Sometimes there are great opportunities when companies announce spin-offs in their strategies. One very prominent spin out was the Yum! Brands Inc. (NYSE: YUM) exit from the Yum China Holdings Inc. (NYSE: YUMC). The move allowed investors a chance to buy the direct China play if it wanted to, or it could buy the U.S.-themed Yum that also gets a royalty payment from those sales in China.

With the outcome of a trade war expected to come in the next four weeks to eight weeks or so, some of the long-term investors have to be wondering “which Yum will be the yummiest” if a trade deal is reached. Unfortunately, it may be where neither company is deemed all that attractive to the investing community based on the price changes that have already been seen.

24/7 Wall St. has tracked recent share gains, compared them to Refinitiv consensus estimates and added other historical data to break down the opportunity and risk for how each might come out if a deal is reached in China.

The performance on each company has been rather mixed for 2019. It seems obvious that the “trade deal gets done trade” camp is betting that it will be better for the Chinese version of Yum than if not. The logic is simple enough, with a “deal” meaning that sentiment against American brands in China might not be as bad as relations begin to normalize. Then again, the “non-China version” of Yum Brands is more or less a pure-play for North America and regions outside of China that still gets a relatively free royalty payment from Chinese sales.

Yum China came out as its own incorporated company in 2016, long before there were any issues concerning tariffs and trade wars. Its shares were last seen trading up almost 35% year to date, but that is a gain of just 12% from this time a year ago from when trade woes were front and center. At the end of 2018, it operated approximately 5,900 KFC restaurants and it also had 2,200 Pizza Hut with some additional chains under different names in China.

The company’s 2018 annual report confirmed that Yum China pays a license fee to Yum equal to 3% of net system sales from both company-owned and franchise restaurants, but it owns the intellectual property of brands like East Dawning, Little Sheep and COFFii & JOY and it pays no license fee related to these concepts. Yum China also says that it is the largest restaurant brand in China with over 8,400 restaurants and with $8.4 billion of revenues at the end of 2018.

Yum China was last seen down 2.2% at $44.25, with a 52-week range of $30.10 to $46.19, Its consensus analyst target price was $44.65 and it had close to a $17 billion market cap. It pays only a 1.1% dividend yield.

Yum Brands was last seen underperforming its China trade by trading up just about 12.4% so far in 2019. Still, it has outperformed Yum China with a gain of about 19% from this time a year ago.

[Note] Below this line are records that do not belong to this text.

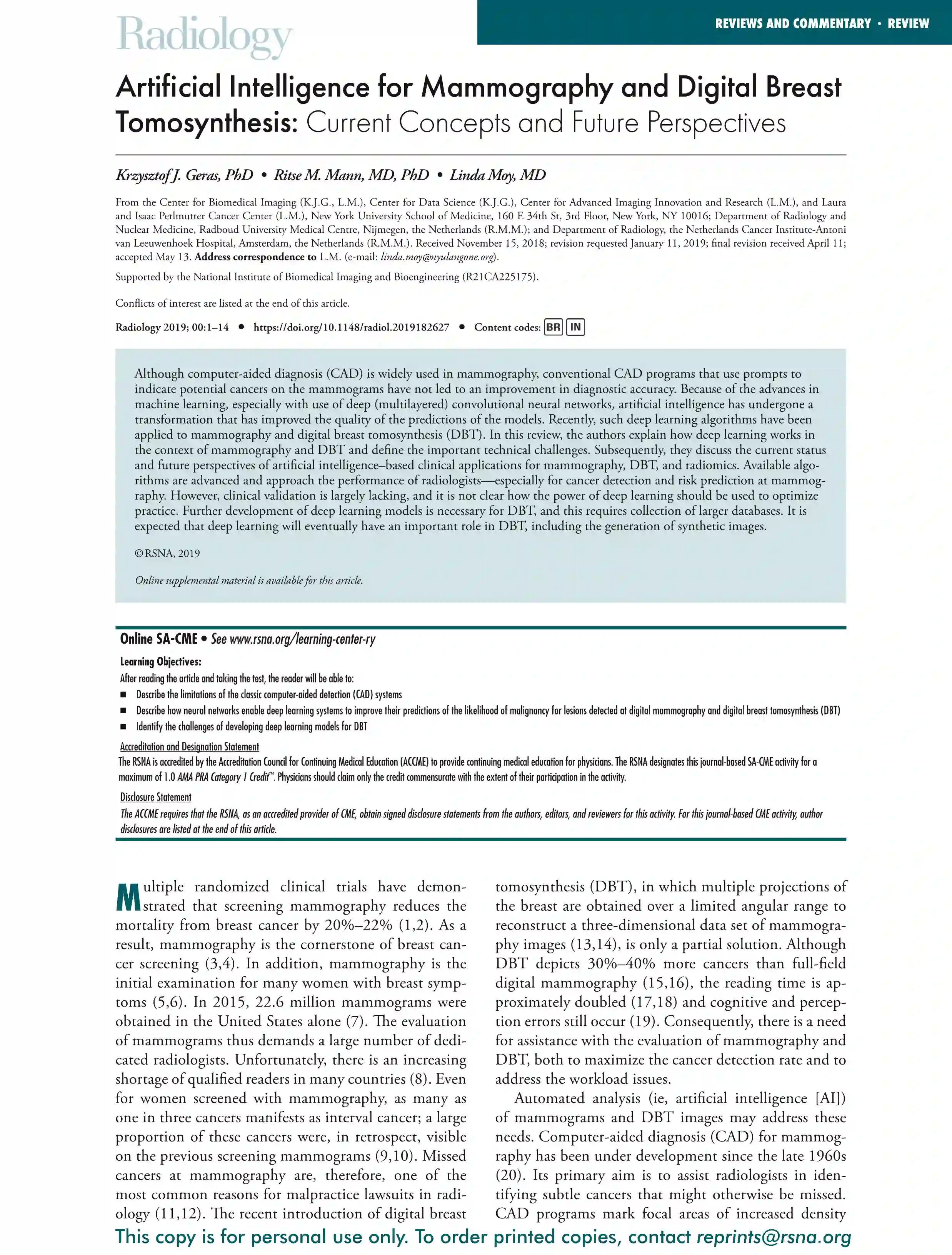 人工智能乳房x线照相术和数字化乳房人工合成:当前的概念和未来的展望综述论文】Artificial Intelligence for Mammography and Digital Breast Tomosynthesis: Current Concepts and Future Perspectives
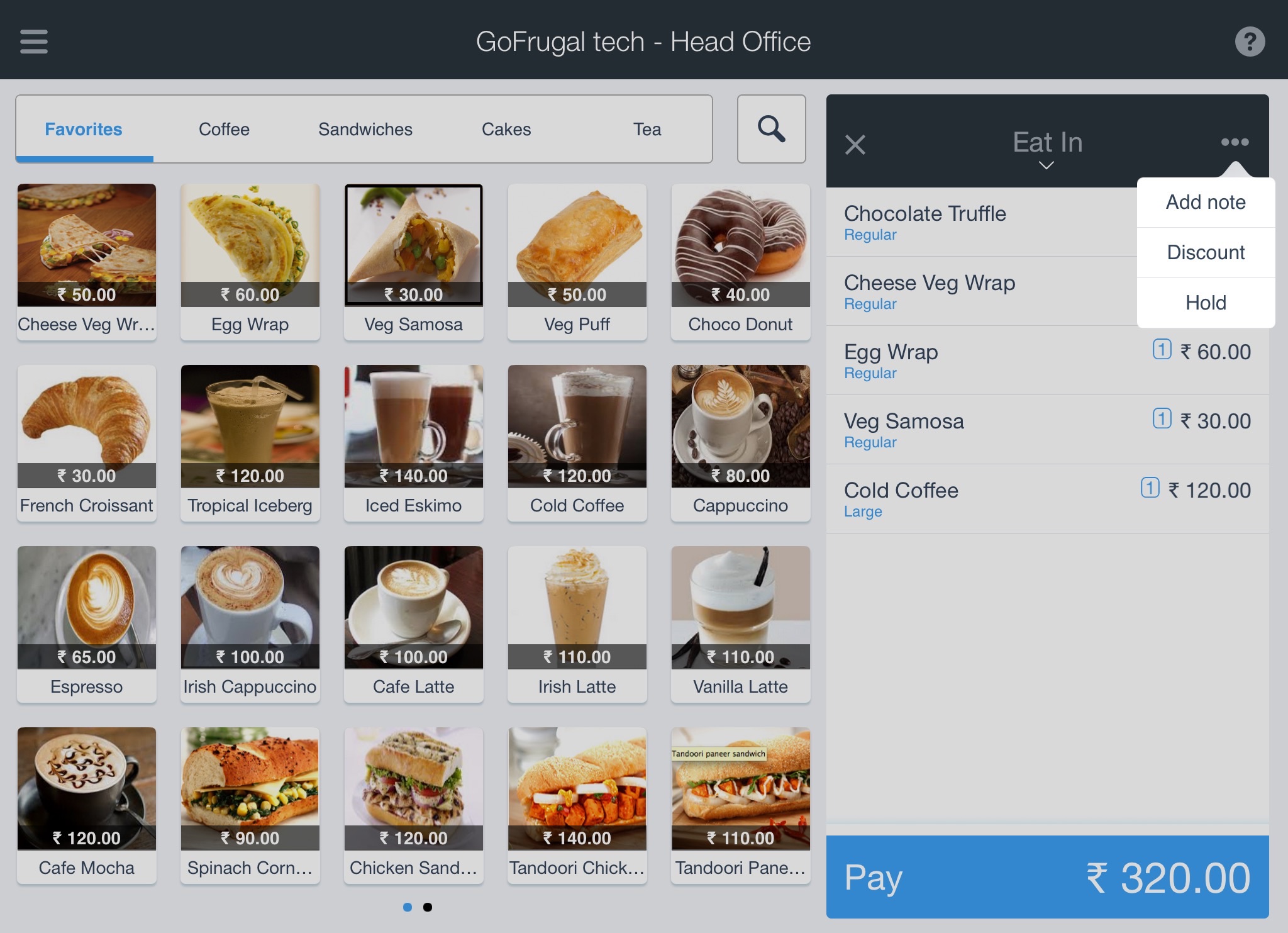 Order screen select ... option available next to the
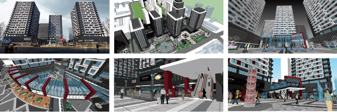 例如在石家庄新合作广场商业综合体中,综合项目规划的整体布局,设计师设计了五个不同性质、不同风格的休闲广场。整体建筑设计采用中国结的设计理念,由中国结环环相扣抽象变形而来的建筑立面,富有节奏感和韵律感,在重复与复制中体现稳重、内敛的气质。无过分的装饰,立面造型与平面功能紧密结合,平面功能在立面上都有直观的反应。通过提取建筑中的元素,设计师抽象出与建筑统一的符号语言,对标识、小品等景观原素进行了统一处理,提升了设计的整体体量,也实现了建筑、景观、室内一体化的精细设计。

As of December 31, 2018, Yum Brands counted some 22,621 KFC units, as well as 18,431 Pizza Hut units and 7,072 Taco Bell units in approximately 140 countries and territories. Its 2018 revenue was almost $5.7 billion in 2018 and that had declines for three consecutive years after breaking out the prior China numbers.

Yum Brands has a market cap of $31.5 billion, and the shares were last seen down just 0.1% at $103.22. Its 52-week range is $77.09 to $103.43, and the consensus analyst target price was $99.19. It pays closer to a 1.65% dividend yield.

With both stocks up, Yum outperforming versus a year ago but Yum China outperforming so far in 2019, maybe the good news has been factored in after looking at the consensus analyst price targets and trading history. Maybe Yum should consider a similar strategy for other regions if it wants to change is fortunes — assuming other chains don’t eat up more market share. And sometimes value investors look for value and have a hard time finding it.